11 responses to “Going in Circles by Fred Osuna

  1. guy

    You do feel like a breed apart when you’re unemployed. This conveys ‘bleak’ but is a pleasure to read. That’s a neat trick.

  2. Deborah A. Upton

    Your line: “I could use some work, just to feel some food in my belly” feels like a step away from desperation–only with one more step there wouldn’t be any strength left for desperation. Sad.

  3. this was clever throughout all the way to the end. one good turn deserves another. really nice, fred.

  4. sad story, told in a beautiful way. i like how each paragraph adds a glimpse, a reflection, a childhood memory, a realization.

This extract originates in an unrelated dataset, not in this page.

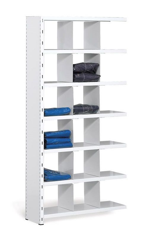 Lagerhylle Gerdmanshyllen, hvit, 18 rom, utbyggingsseksjon, BxDxH 1000x400x1960. 18 rom på 6 innvendige hylleplater med 12 sideinndelinger. Belastning per hylleplate 150 kg, som enkelt kan oppgraderes til 225 kg og 1200 kg per seksjon. Enkel montering, hylleplatene monteres enkelt med hyllehaker uten verktøy eller skruer. Kan innredes med skuffer, avdelere, verktøypaneler, dører m.m. Hyllen må forankres i vegg eller gulv. Gulvbeskyttelse følger med. Fleksibelt hyllesystem. Du setter sammen hyllen med utgangspunkt i eget oppbevaringsbehov og lokalets utseende.
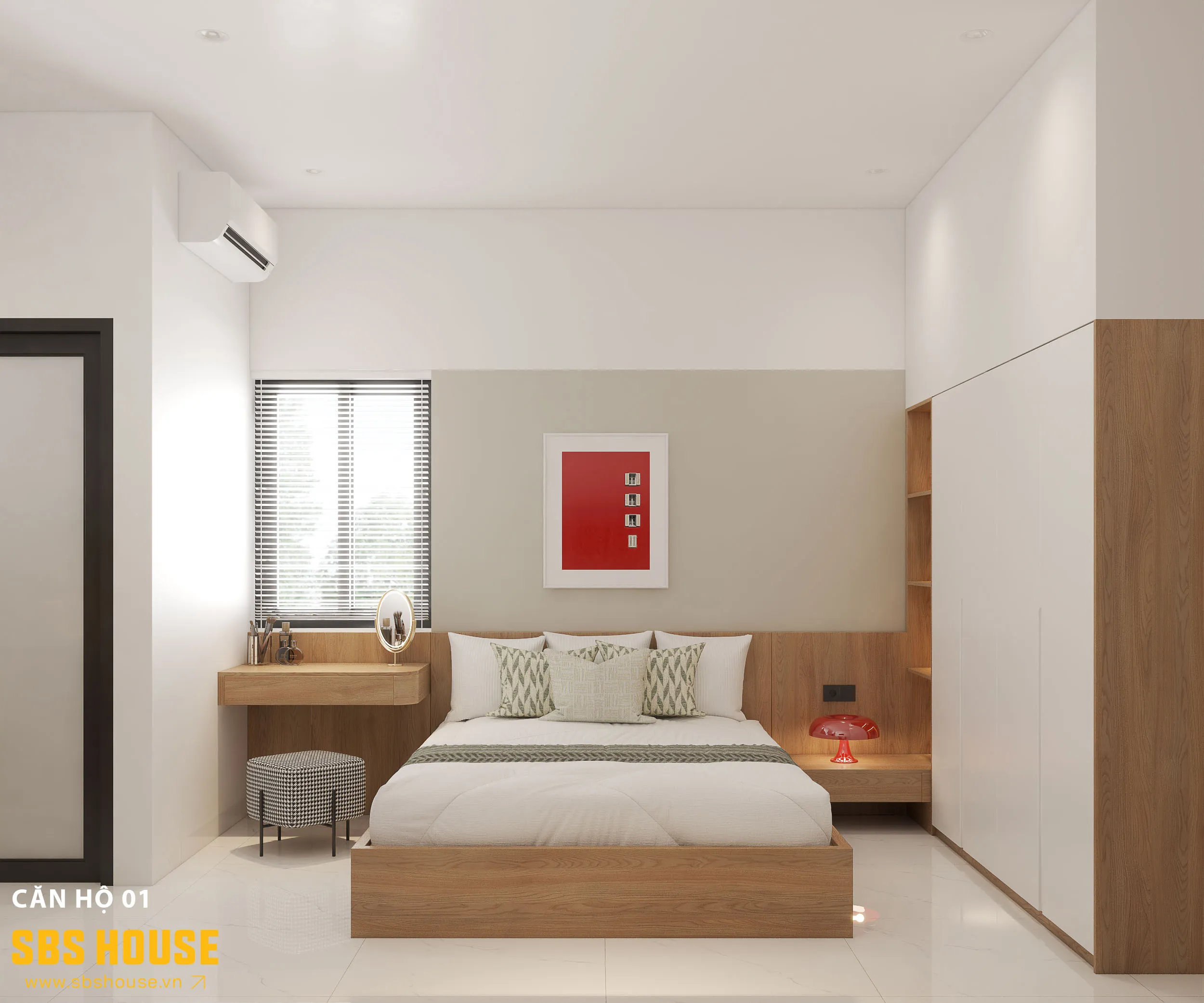 Phòng ngủ bố trí khoa học với giường ngủ, tủ quần áo, bàn làm việc hài hòa trong một diện tích vừa phải, tạo không gian riêng tư nhưng vẫn thoáng sáng. Gỗ tự nhiên, gam trắng – be nhẹ nhàng giúp tổng thể nội thất hiện đại nhưng không lạnh lẽo, tạo cảm giác thư giãn cho người thuê. Mỗi chi tiết trong căn hộ đều hướng đến trải nghiệm sống thoải mái và tiện lợi nhất.

  5. Fantastic story, the dark pathos just beneath the surface. And all of the nuances are just expertly crafted, tight, spare. Lovely.

  6. You fit a great deal of story into this small piece, Fred. I like the past, present, and future all hinted at. You could have told this story: unemployed man walking the block in circles–but instead you’ve shown us. Nicely done.

  7. The way you talked about the dog circling and then circling for work really works here. I remember when I waitressed we used to give homeless people a meal if they would sweep the parking lot or something, and this story made me remember that. So sad.

  8. Thanks, all of you, for the thoughtful comments.

    I thought I’d add a word about where this story came from:
    I was sitting in my truck a few days after our recent Southern ice storm, checking e-mail on the BlackBerry and making some notes for the day. It was bitter cold outside. As I sat there, I noticed a man pacing up the street in a grimy parka, constantly looking over his shoulder and all around him as he walked. Several minutes later, he walked past me again, going the same direction on the same side of the street. It was then that I noticed he was circling the block. I immediately thought of that silly joke my father had made when I was a kid, regarding my beagle’s habit of circling before sleep. And there it was.

  9. guy

    You could do another one about the guy sitting in his truck in an ice storm watching the other guy circle the block.

  10. Pingback: Week #26 – Animal behavior | 52|250 A Year of Flash

  11. subtle and poignant take on the theme….the lines between comfort/stability and desperation drawn quite well with the circling images playing the central role. The father’s evasive answer too sets things up just right, as if there’s never really a firmness to things, truth itself can be as temporary as good fortune.